What needs to be done. Once you find the line with "前区热号分析(0-3):上期" in the entries below, print it and each line after it up to and including the line with "Inhalt | 1 Ständer, 1", exactly, without pictures.

Given entries.
============================================================

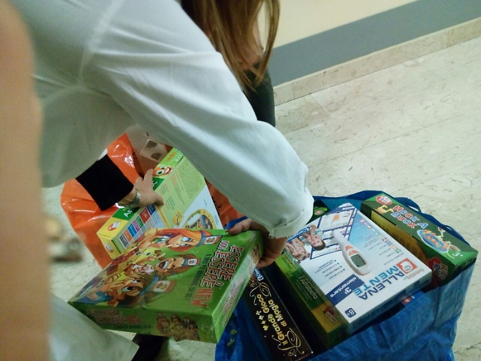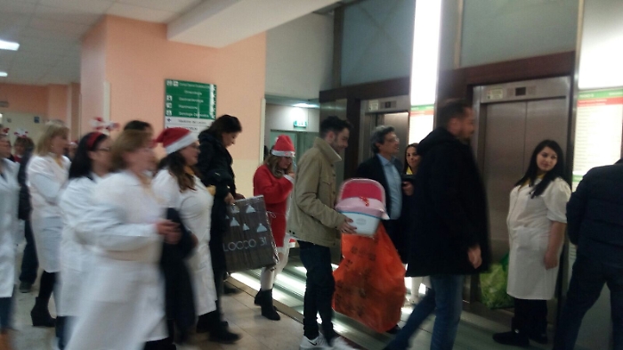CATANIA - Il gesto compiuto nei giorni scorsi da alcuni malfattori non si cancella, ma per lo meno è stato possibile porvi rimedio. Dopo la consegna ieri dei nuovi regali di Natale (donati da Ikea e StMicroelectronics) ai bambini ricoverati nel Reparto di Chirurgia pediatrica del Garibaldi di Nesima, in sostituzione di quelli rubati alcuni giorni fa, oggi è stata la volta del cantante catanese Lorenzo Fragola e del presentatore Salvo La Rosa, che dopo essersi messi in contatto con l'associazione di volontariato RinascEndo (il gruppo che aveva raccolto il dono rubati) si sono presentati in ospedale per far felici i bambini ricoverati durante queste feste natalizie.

============================================================

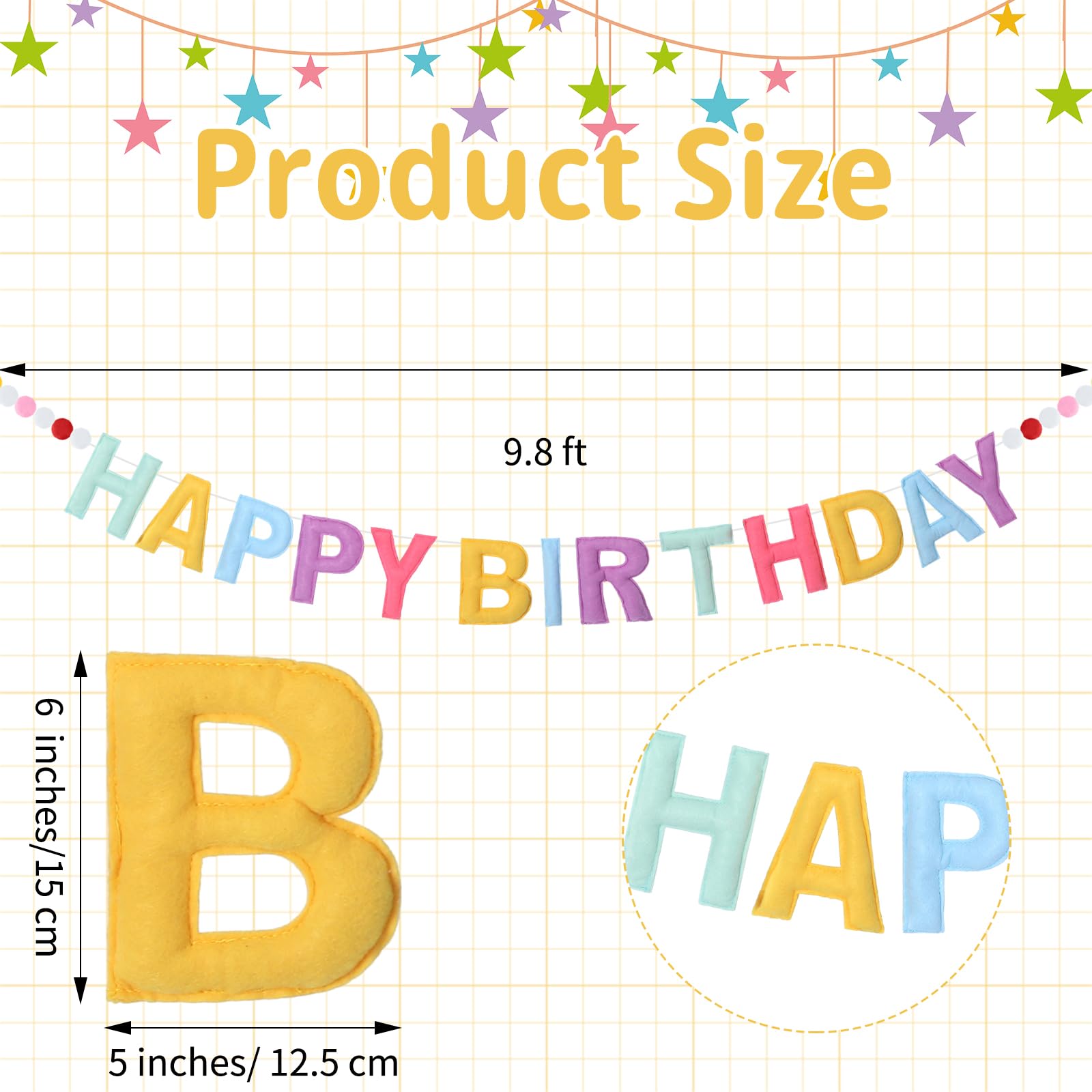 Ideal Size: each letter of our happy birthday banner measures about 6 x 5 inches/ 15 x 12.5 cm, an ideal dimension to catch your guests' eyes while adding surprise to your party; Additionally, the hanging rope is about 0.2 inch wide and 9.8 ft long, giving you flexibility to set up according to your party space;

============================================================

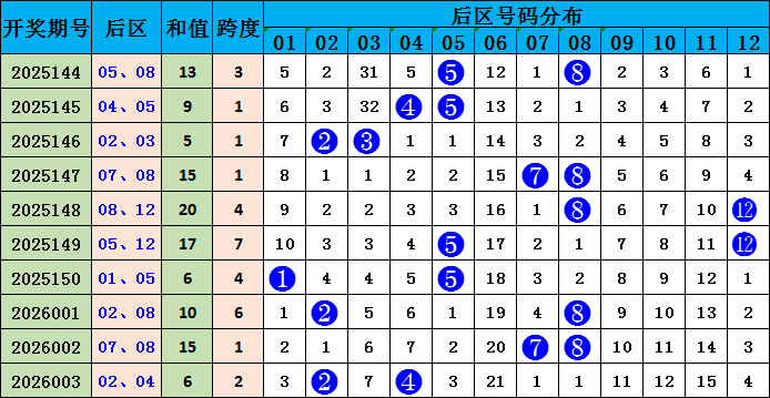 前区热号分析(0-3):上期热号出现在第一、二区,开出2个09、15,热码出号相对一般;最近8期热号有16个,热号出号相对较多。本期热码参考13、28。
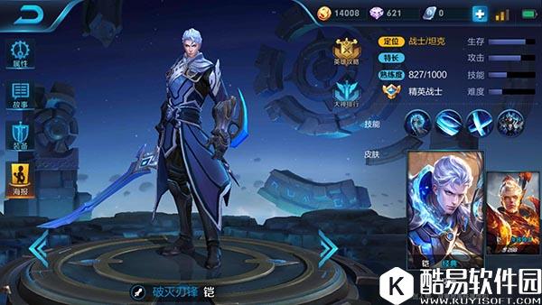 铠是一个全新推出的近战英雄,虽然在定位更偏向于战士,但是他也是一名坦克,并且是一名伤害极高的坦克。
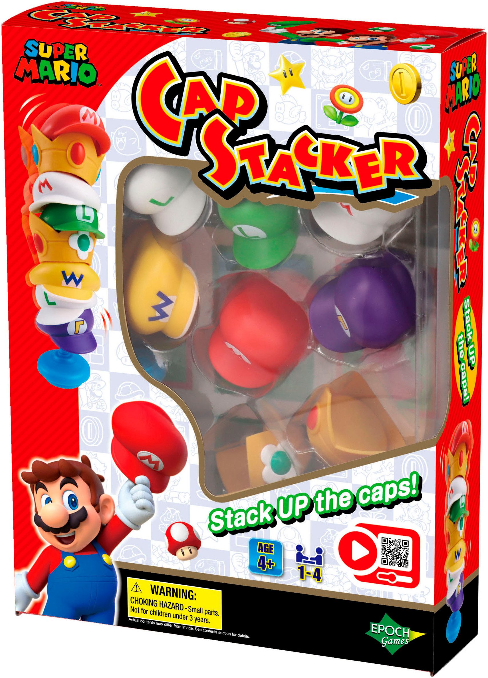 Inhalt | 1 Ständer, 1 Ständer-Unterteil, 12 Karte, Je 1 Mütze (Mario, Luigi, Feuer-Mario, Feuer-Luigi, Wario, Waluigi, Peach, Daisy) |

============================================================

Your response.
 前区热号分析(0-3):上期热号出现在第一、二区,开出2个09、15,热码出号相对一般;最近8期热号有16个,热号出号相对较多。本期热码参考13、28。
 铠是一个全新推出的近战英雄,虽然在定位更偏向于战士,但是他也是一名坦克,并且是一名伤害极高的坦克。
 Inhalt | 1 Ständer, 1 Ständer-Unterteil, 12 Karte, Je 1 Mütze (Mario, Luigi, Feuer-Mario, Feuer-Luigi, Wario, Waluigi, Peach, Daisy) |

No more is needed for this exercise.